- Directed by: Rafal Zielinski
- Written by: Joey Dedio
- Produced by: Maria Rita Caso Helena Cynamon Joey Dedio Samuel H. Frankel T.J. Mancini Robert O. Ragland
- Starring: Joey Dedio Eliud Figueroa Geneviève Bujold
- Cinematography: Helge Gerull
- Edited by: Eric Chase
- Music by: Eleven Robert O. Ragland
- Production company: Aloe Entertainment
- Release date: April 7, 2007;
- Running time: 103 minutes
- Country: United States
- Language: English

= Downtown: A Street Tale =

Downtown: A Street Tale is a 2004 American drama film.

Its focus is on a group of teenagers and twentysomethings living in the basement of an abandoned factory on 10th Avenue in Manhattan. Their leader is ex-junkie and hustler Angelo (aka Kick), who serves as a father figure to the motley crew that includes gay African American hairdresser Lamont; mentally challenged Hispanic Tito; Latina stripper Ashley; upper class drug addict Hunter; Romanian prostitute Raquel; and newly arrived from Texas rock star-wannabe Billy and his pregnant girlfriend Cheri. Added to the mix are social worker Aimee Levesque, who operates the fictional shelter Haven House (based on the real-life Covenant House) and keeps an eye on Angelo and his street kids; and a pornographer, a strip-club owner, and a wheelchair-using drug dealer. Their stories are told in a series of vignettes unfolding in the days just prior to Christmas.

The melodramatic independent film, written and produced by Joey Dedio (who also stars as Angelo) and directed by Rafal Zielinski.

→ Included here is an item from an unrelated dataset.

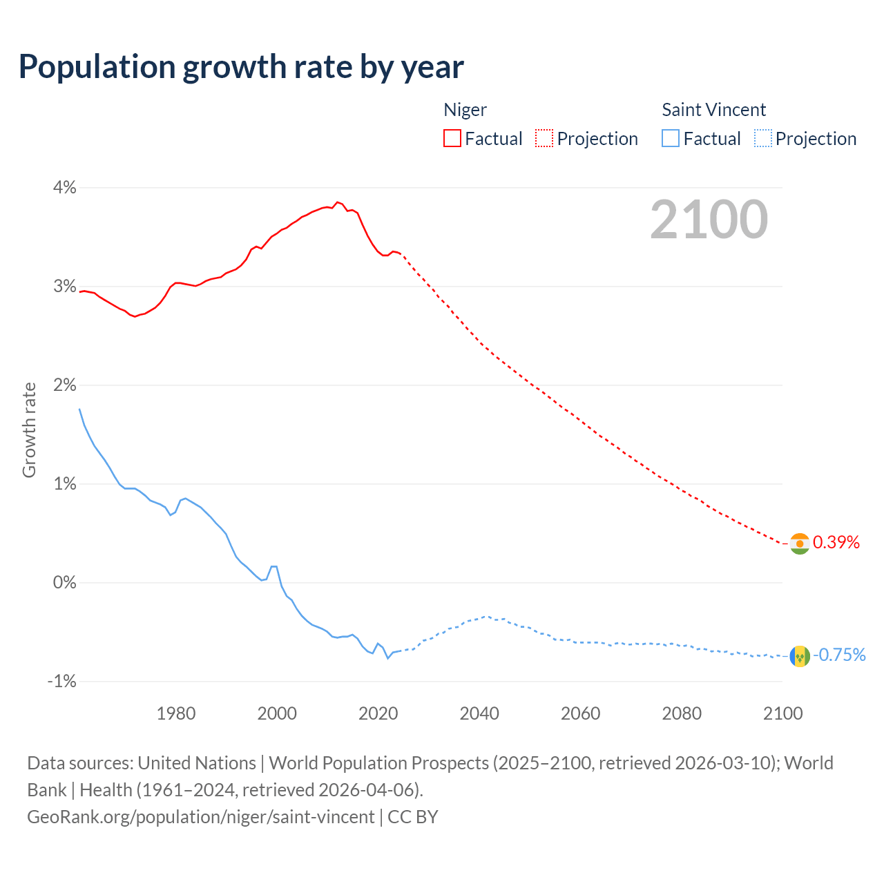 - For the last 10 years, Niger has had an average growth rate of +3.5% per year vs -0.65% in Saint Vincent.

In addition to Dedio, the cast of the Slowhand Cinema release includes Jeremy Alan Richards as Lamont, Johnny Sanchez as Tito, Rachel Vasquez as Ashley, Chad Allen as Hunter, Mihaela Tudorof as Raquel, James Ransone as Billy, Domenica Cameron Scorsese as Cheri, Geneviève Bujold as Aimee, Burt Young as the pornographer, Lillo Brancato Jr. as the strip-club owner, and John Savage as the drug dealer.

The film had its world premiere at the AFI Film Festival on November 7, 2004. Following limited releases in New York City and Los Angeles in 2007, it was screened twice at the Cannes Film Festival in May.

==Cast==
- Joey Dedio as Angelo
- Eliud Figueroa as Guy In The Street
- Geneviève Bujold as Aimee Levesque
- John Savage as "H2O"
- Burt Young as Gus
- Lillo Brancato as Lenny
- Anna Maria Cianciulli as The Mother
- Irene Cara as neighbor (cameo)

== Production ==
The soundtrack, available on AJM Records, includes a jazz-infused rendition of the Petula Clark classic "Downtown" by Irene Cara and "Children of Color" performed by Clark. This was the last film to be scored by composer Robert O. Ragland.

The movie was Line Produced by Daniel Sollinger.

== Release ==
The film was released in theaters across the United States on April 7, 2007.

== Reception ==
The film has a Metacritic score of 44 out of 100. It has a 27% rating from 11 reviewers on Rotten Tomatoes. Jeanette Catsoulis of The New York Times said it was "a cross between "West Side Story" and a Nativity play." Kevin Thomas of The Los Angeles Times said "Dedio ... doesn’t define his characters strongly enough to involve the viewer in their fates very deeply."